One of Britain’s top universities has become the first institution in the country to award large numbers of places to bright students irrespective of their final A-level grades, The Daily Telegraph has learnt.

Birmingham – a member of the elite Russell Group – will distribute up to a quarter of undergraduate places this year based on teachers’ own predictions of pupils’ performance.

It is making 1,000 “unconditional offers” to students expected to score straight As in exams as part of a large-scale pilot programme.

The university insisted the move was intended to reward students with the most potential and take the pressure off teenagers in their final year.

But the policy underlines the scale of the competition between universities to recruit bright students in a bid to drive up standards and ensure places do not lie empty.

Students taking up an unconditional offer on one of 12 courses at Birmingham will be expected to name the university as their “firm choice” on UCAS application forms.

It comes after a drop in the number of undergraduates starting universities nationally last autumn amid a backlash over the near tripling of tuition fees and radical changes to Government policies regulating student numbers.

One vice-chancellor warned that Russell Group universities had started the academic year with around 11,500 vacancies.

The competition for students has now led some universities to offer scholarships worth up to £10,000-a-year for bright students starting degrees in 2013.

Prof David Eastwood, Birmingham's vice-chancellor and Russell Group chairman, insisted the university’s applications were up this year, adding: “I think the issue here is less about filling our quotas and more about attracting the best possible students to a highly-selective university.”

Universities such as Oxford and Cambridge have traditionally made a number of unconditional offers, dependent on students scoring highly in their own entrance exams. But this is believed to be the first time the policy has been adopted en masse by a university.

In an interview with the Telegraph, Prof Eastwood insisted the move was intended to make pupils perform even better in end-of-course A-level exams.

“It’s a time when there are lots of pressures on young people and we are trying to take some of those pressures off,” he said. “We believe that the effect of this is that they will do better in the summer. They have already got very strong performance in the bag… and we think there is no danger of them coasting.
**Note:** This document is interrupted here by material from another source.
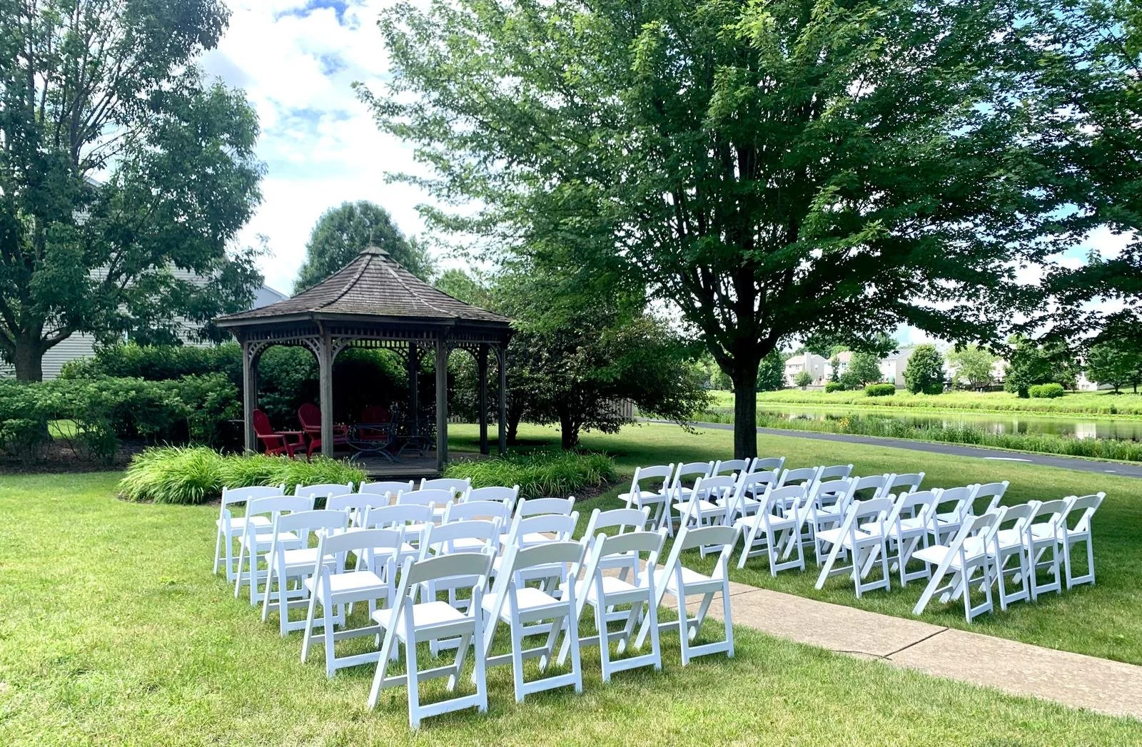 Create a beautiful and comfortable setting for your '“I Do.” We offer a curated selection of ceremony chairs, from classic white folding to elevated styles, thoughtfully arranged to complement your ceremony space and aesthetic.

“After all, their A-levels will be with them for the rest of their lives – their future employers will be very interested in them – and these are intensely serious young people.”

Students normally apply to university using teachers’ predictions, which are based on prior performance in GCSEs and AS-level exams.
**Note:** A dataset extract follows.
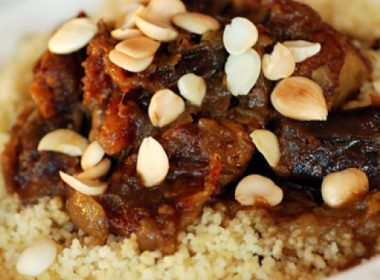 Потребни состојки: -3 лажици маслиново масло -2 главици црвен кромид -1,5 лажица куркума -1 лажица ѓумбир -2 лажички цимет -1 кг јагнешко -250 г суви урми -1 лажица мед Дополнително: […]

Universities usually make offers of places that are conditional on teenagers scoring certain grades in final exams sat in May and June.

But Birmingham said it was making 1,000 unconditional offers to students who are predicted to score at least three As in their exams – irrespective of final performance. In total, 4,300 students are accepted each year.

Twelve courses will be involved: classics, maths, modern languages, philosophy, sociology, economics, materials engineering, political science, accounting and finance, business management, international relations and European politics, society and economics.

Pupils taking up maths places must be predicted to score three elite A* grades.

Prof Eastwood said: "These are very good students with a range of [course] choices. Some other universities will be trying to attract them with discounted offers on accommodation and with scholarships."